[Brief] Should a picture appear anywhere in the data, omit it and copy everything else exactly.

[Dataset section]
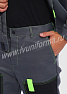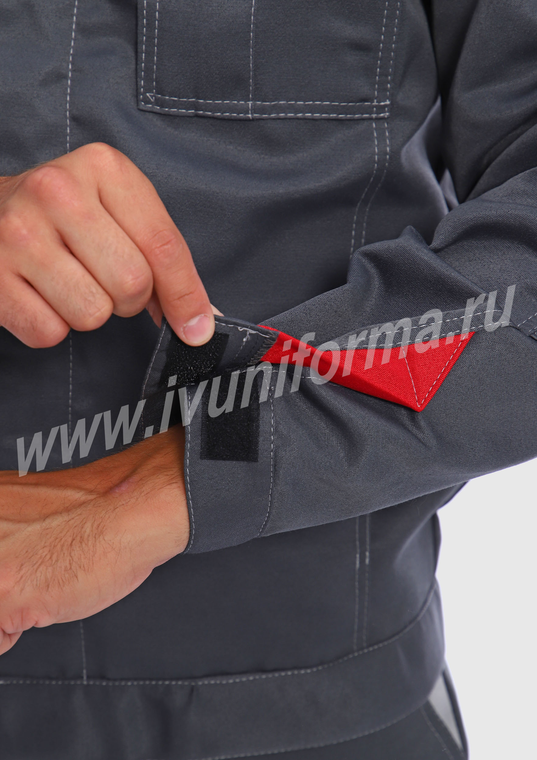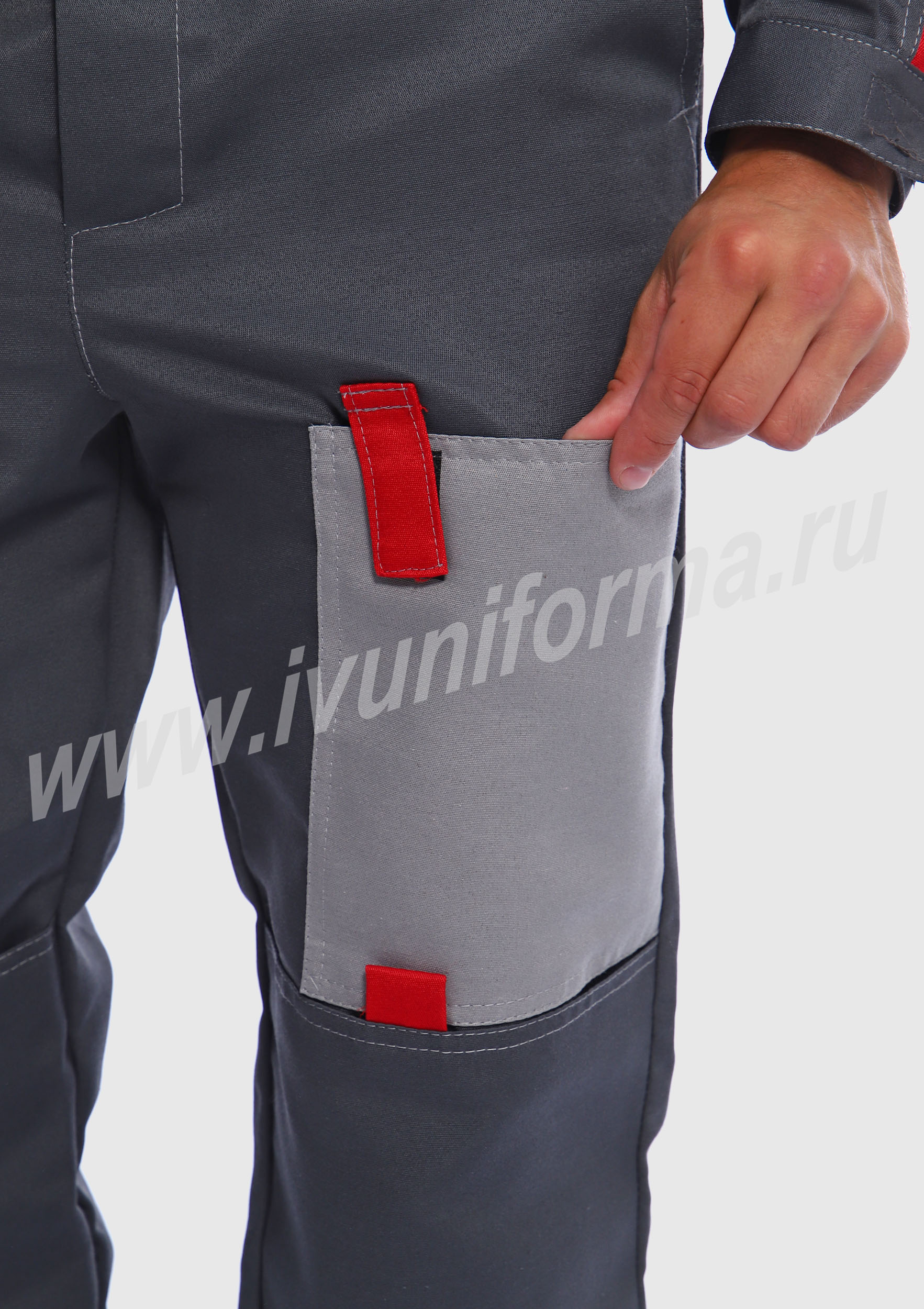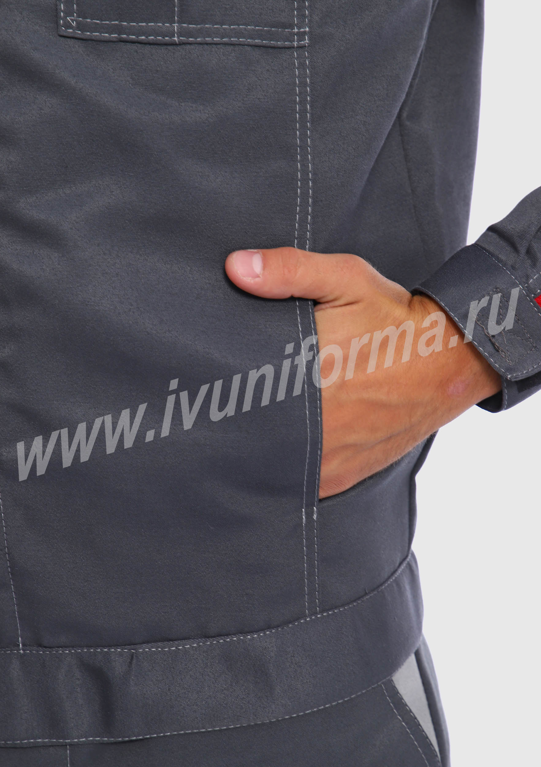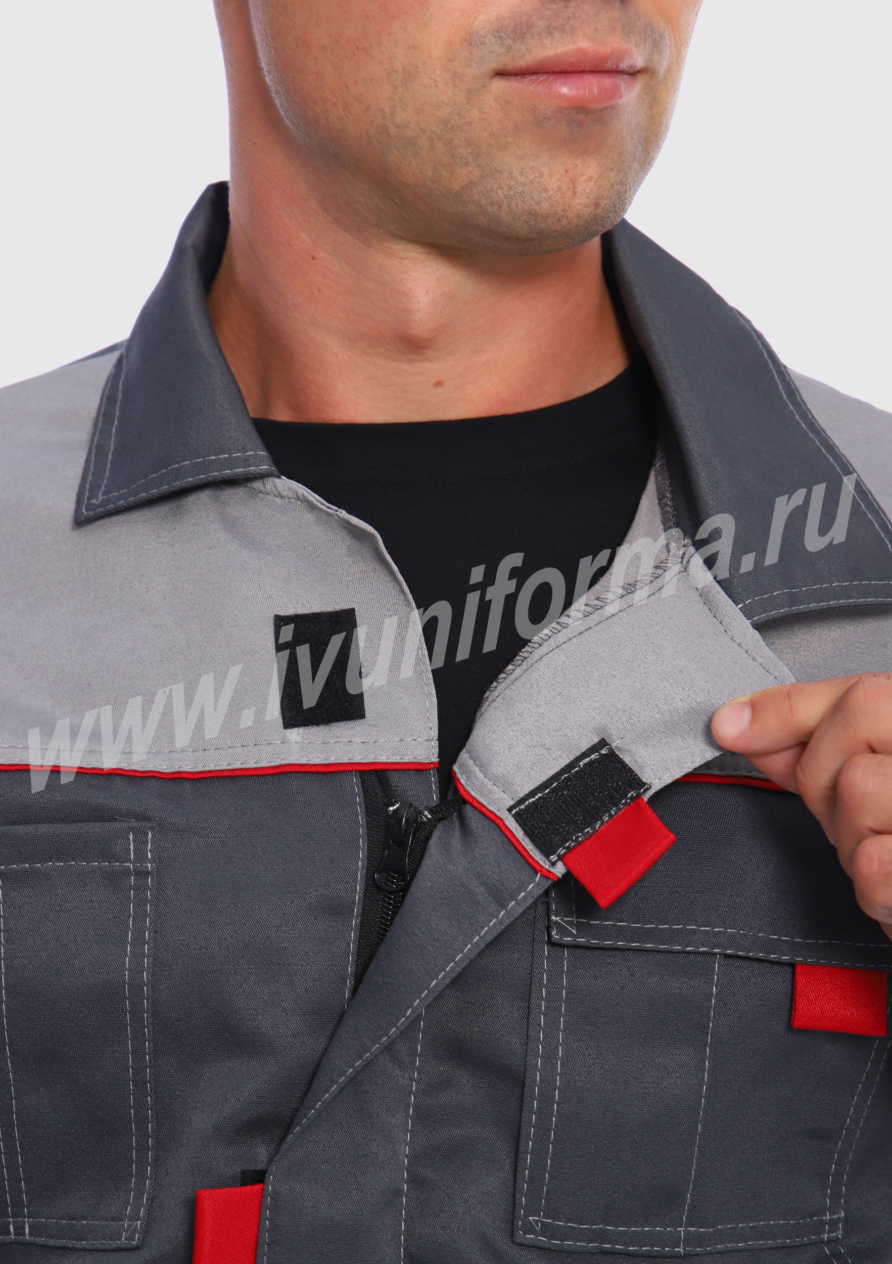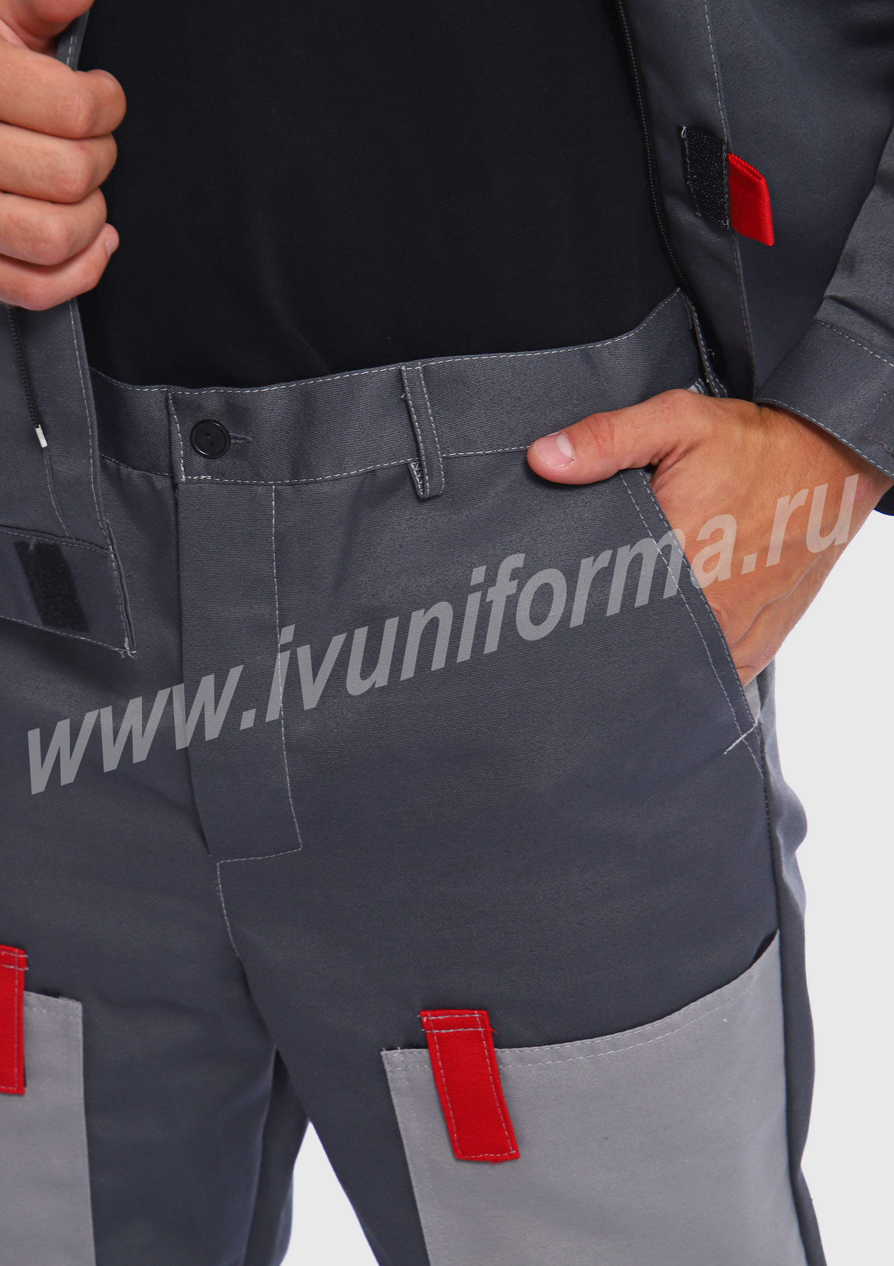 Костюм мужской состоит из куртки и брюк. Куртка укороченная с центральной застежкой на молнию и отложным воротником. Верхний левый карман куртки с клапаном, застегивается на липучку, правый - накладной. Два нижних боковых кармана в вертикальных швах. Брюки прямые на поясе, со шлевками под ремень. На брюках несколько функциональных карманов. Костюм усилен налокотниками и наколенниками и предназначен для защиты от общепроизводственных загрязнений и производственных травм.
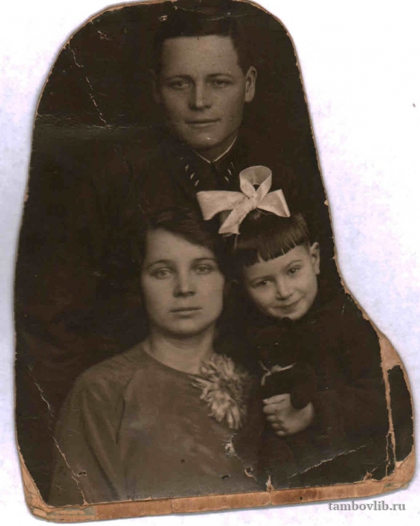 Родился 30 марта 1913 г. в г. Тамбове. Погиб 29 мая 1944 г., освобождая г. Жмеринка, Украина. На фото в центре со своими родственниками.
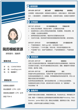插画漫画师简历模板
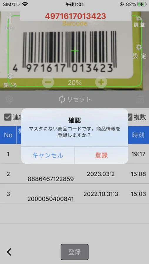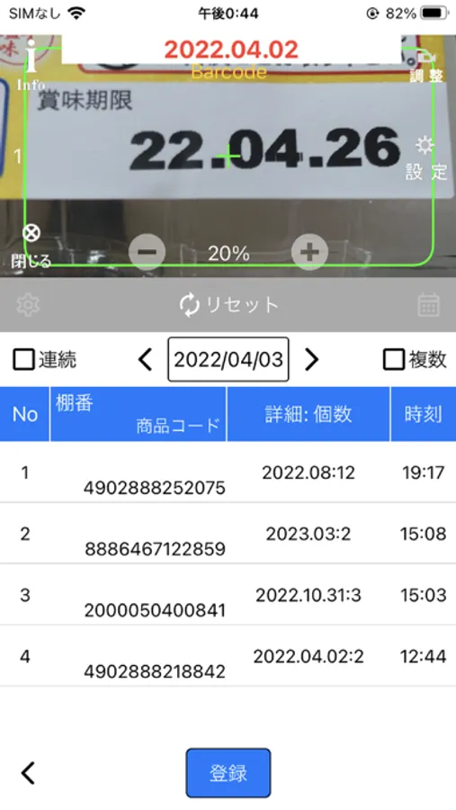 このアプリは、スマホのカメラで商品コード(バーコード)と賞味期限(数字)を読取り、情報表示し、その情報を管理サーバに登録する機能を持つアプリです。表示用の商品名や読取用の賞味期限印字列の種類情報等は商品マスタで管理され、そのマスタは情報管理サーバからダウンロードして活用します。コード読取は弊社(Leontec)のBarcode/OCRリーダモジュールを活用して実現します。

[Task solution]
 Костюм мужской состоит из куртки и брюк. Куртка укороченная с центральной застежкой на молнию и отложным воротником. Верхний левый карман куртки с клапаном, застегивается на липучку, правый - накладной. Два нижних боковых кармана в вертикальных швах. Брюки прямые на поясе, со шлевками под ремень. На брюках несколько функциональных карманов. Костюм усилен налокотниками и наколенниками и предназначен для защиты от общепроизводственных загрязнений и производственных травм.
 Родился 30 марта 1913 г. в г. Тамбове. Погиб 29 мая 1944 г., освобождая г. Жмеринка, Украина. На фото в центре со своими родственниками.
插画漫画师简历模板
 このアプリは、スマホのカメラで商品コード(バーコード)と賞味期限(数字)を読取り、情報表示し、その情報を管理サーバに登録する機能を持つアプリです。表示用の商品名や読取用の賞味期限印字列の種類情報等は商品マスタで管理され、そのマスタは情報管理サーバからダウンロードして活用します。コード読取は弊社(Leontec)のBarcode/OCRリーダモジュールを活用して実現します。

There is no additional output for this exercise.